Lurik merupakan kain tradisional yang berasal dari Pulau Jawa. Kata “Lurik” diambil dari Bahasa Jawa yaitu “lorek” yang berarti garis-garis dan merupakan lambang kesederhanaan. Pada zaman dahulu lurik dipakai bukan hanya dikalangan masyarakat pedesaan menengah ke bawah tetapi juga dipakai oleh kalangan bangsawan dan Keraton. Lurik tidak hanya berbentuk selendang saja tetapi bisa juga berbentuk baju. Di Jawa Tengah khususnya di Kota Klaten ada sebuah kampung lurik yang dimana rumah produksi lurik di kampung itu bekerja sama dengan masyarakatnya untuk melestarikan lurik sekaligus menjadi sumber ekonomi masyarakatnya. Desa ini disebut dengan Desa Kedulan
Desa Kedulan yang terletak di Kota Klaten, Jawa Tengah ini merupakan desa penghasil lurik, desa ini dijuluki sebagai kampung lurik karena sebagian besar masyarakat yang tinggal di desa ini sehari hari bekerja sebagai penenun kain lurik. Masyarakat Desa Kedulan sudah mulai bekerja sebagai penenun kain lurik sejak tahun 1974, di Desa Kedulan ini ada sebuah rumah produksi yaitu “PT. Tarno Tex”, rumah produksi ini bagaikan akar dari masyarakat Desa Kedulan untuk memenuhi kebutuhan hidup. Untuk menghasilkan 1 buah kain lurik tenun sangat membutuhkan waktu yang cukup lama pada proses pembuatannya. Proses pembuatan yang pertama yaitu perebusan lawe. Lawe di kanji terlebih dahulu agar keras, setelah itu direbus dan langkah terakhir yaitu di jemur. Pak Pardi (62 tahun), Seorang warga desa seberang yaitu Desa Karang yang bekerja merebus dan menjemur lawe. Beliau menjadikan pekerjaan perebus dan penjemur lawe sebagai tambahan pemasukan sehari- hari, karena beliau juga bekerja sebagai buruh tani.
Proses kedua yaitu pengeklosan atau pembuatan lawe menjadi gumpalan benang untuk disekir. Proses ketiga dari pembuatan lurik yaitu penyekiran, gumpalan benang yang tadi diklos di susun di tempat yang terbuat dari kayu.Mbah Parman (74 tahun) seorang warga masyarakat Desa Kedulan, beliau menghidupi keluarganya dengan bekerja sebagai penyekir di rumah produksi “Tarno Tex”. Benang yang telah disekir beliau dan menjadi bom, akan diĀ disalurkan kepada warga-warga yang menenun.

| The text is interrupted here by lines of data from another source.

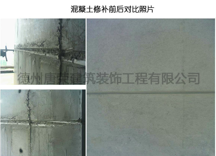 混凝土的缺陷形式很多,比如蜂窩、露筋、麻面等,這些都是小的缺陷,修補(bǔ)及修飾對(duì)我公司來說是不成問題,修飾部分的混凝土表面與大面沒有大的色差。主要的缺陷是漲模。這種缺陷的修飾需要大量的人工及材料,還需要技術(shù)水平高的工人來操作。我公司專業(yè)修補(bǔ)混凝土的蜂窩、麻面、裂縫、露筋、露震、錯(cuò)臺(tái)、局部破損等混凝土缺陷。
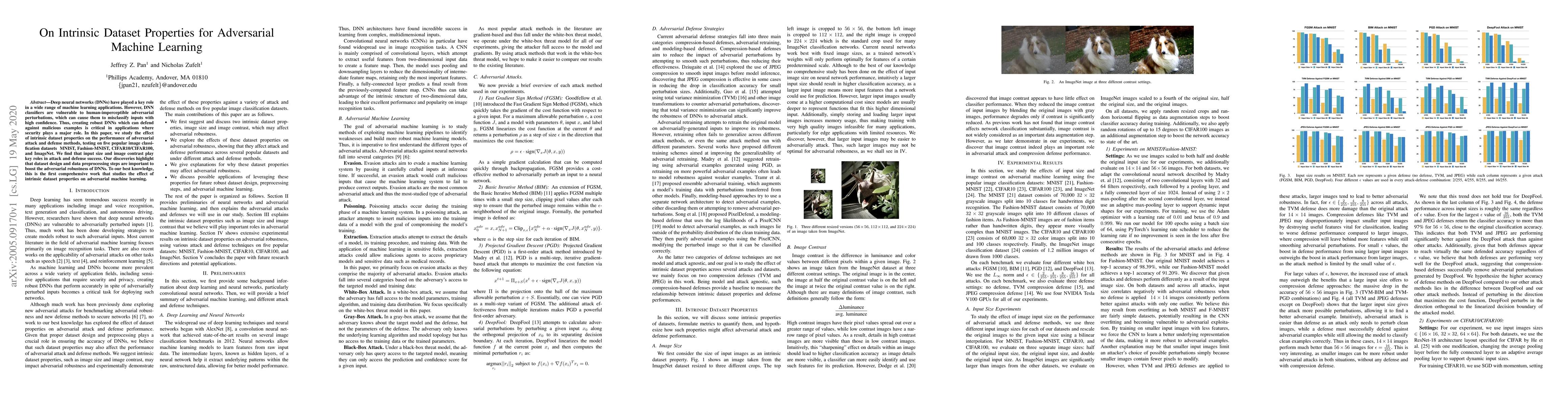 Deep neural networks (DNNs) have played a key role in a wide range of machine learning applications. However, DNN classifiers are vulnerable to human-imperceptible adversarial perturbations, which can cause them to misclassify inputs with high confidence. Thus, creating robust DNNs which can defend against malicious examples is critical in applications where security plays a major role. In this paper, we study the effect of intrinsic dataset properties on the performance of adversarial attack and defense methods, testing on five popular image classification datasets - MNIST, Fashion-MNIST, CIFAR10/CIFAR100, and ImageNet. We find that input size and image contrast play key roles in attack and defense success. Our discoveries highlight that dataset design and data preprocessing steps are important to boost the adversarial robustness of DNNs. To our best knowledge, this is the first comprehensive work that studies the effect of intrinsic dataset properties on adversarial machine learning.
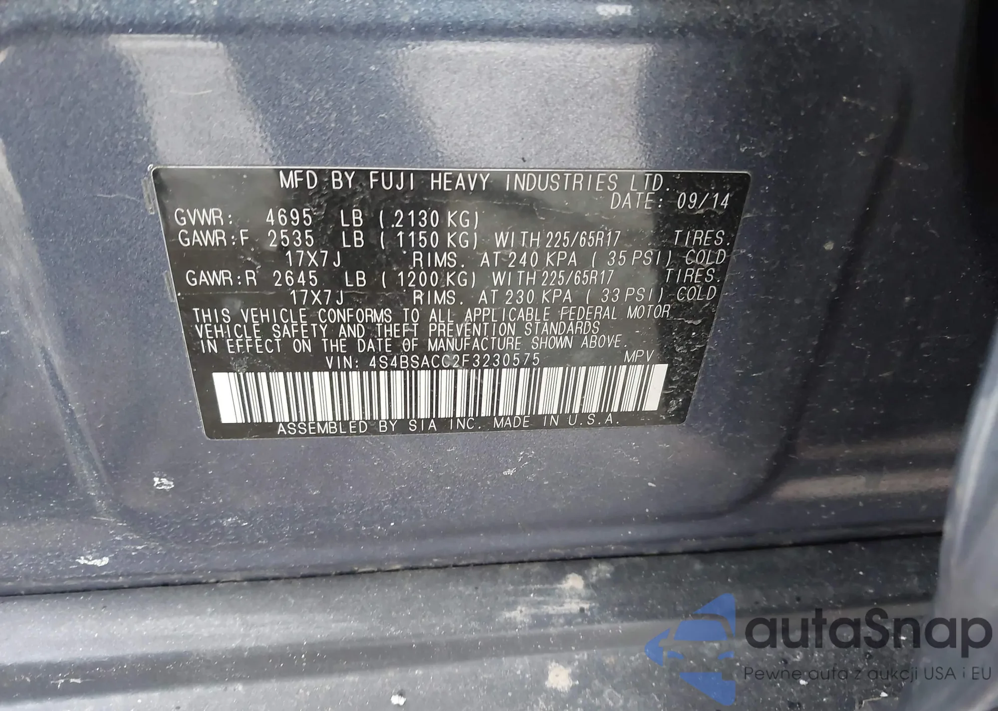 VIN: 4S4BSACC2F3230575
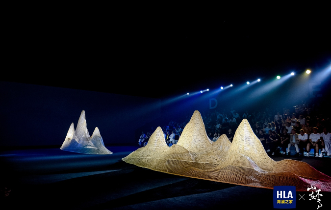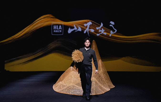 秀场中央,由非遗竹编艺术家宋亮亮为海澜之家「山不在高」量身打造的艺术装置尤为引人注目。他以极具现代感的流线型编织手法,将传统竹艺化为一座灵动的“山形”结构,在秀场空间呈现出疏密有致的东方画境。灯光穿过竹编缝隙,在秀场地面投下斑驳光影。模特们身着「山不在高」系列款款走来,与此装置遥相呼应,让古老的手工艺在当代时尚语境中焕发出全新的生命力。

Proses terakhir dari pembuatan kain lurik ini adalah dengan di tenun, bahan kain lurik ini berbahan dasar dari bom yang telah disekir oleh Mbah Parman tadi. Mbah Nanik (62 tahun) dan Mbah Mul (68 tahun), bekerja sebagai penenun lurik untuk menghidupi keluarganya. Mbah Mul (68 tahun) beliau hidup sebatang kara di Desa Kedulan, beliau dapat memenuhi kebutuhannya dengan bekerja sebagai penenun kain lurik.

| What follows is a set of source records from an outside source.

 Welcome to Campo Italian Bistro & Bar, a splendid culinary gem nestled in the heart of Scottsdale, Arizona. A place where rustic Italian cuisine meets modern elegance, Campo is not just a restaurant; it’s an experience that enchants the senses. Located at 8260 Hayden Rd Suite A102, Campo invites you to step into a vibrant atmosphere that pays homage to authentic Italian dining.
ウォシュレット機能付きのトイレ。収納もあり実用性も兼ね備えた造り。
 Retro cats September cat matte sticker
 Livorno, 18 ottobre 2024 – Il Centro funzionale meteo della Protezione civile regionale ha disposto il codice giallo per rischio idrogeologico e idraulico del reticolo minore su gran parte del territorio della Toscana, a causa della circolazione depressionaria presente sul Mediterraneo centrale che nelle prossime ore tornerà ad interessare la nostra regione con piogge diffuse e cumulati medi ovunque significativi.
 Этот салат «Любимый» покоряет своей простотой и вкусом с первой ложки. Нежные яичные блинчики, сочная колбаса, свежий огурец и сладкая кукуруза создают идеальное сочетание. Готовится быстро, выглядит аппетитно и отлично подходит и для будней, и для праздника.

Lurik yang dibuat dengan tenun, alat tradisional yang berbahan dasar kayu ini dihargai dengan nominal Rp. 13.500,00 per meternya. Memang terlihat sangat murah padahal kain lurik ini dibuat dengan tenaga manusia bukan tenaga mesin, meski begitu murah lurik tenun ini berhasil menjadi sumber ekonomi masyarakat Desa Kedulan. Dengan dijualnya lurik buatan alat tradisional dan tenaga manusia ini ke rumah produksi “Tarno Tex” warga dapat memenuhi kebutuhan sehari-harinya.
Kain lurik tenun yang menyimpan banyak akan kekayaan budaya Indonesia, kini lambat laun telah meredup eksistensinya. Dengan adanya kemajuan teknologi yang memudahkan masyarakat untuk mencari informasi dan melihat adat istiadat budaya luar, dikhawatirkan akan mematikan kebudayaan kain lurik tenun ini. Walaupun begitu, masyarakat Desa Kedulan masih bisa mempertahankan dan melestarikan kain lurik tenun sampai saat ini. Terbukti dengan adanya produksi dari kain tenun lurik yang terletak di Desa Kedulan, Klaten, Jawa Tengah.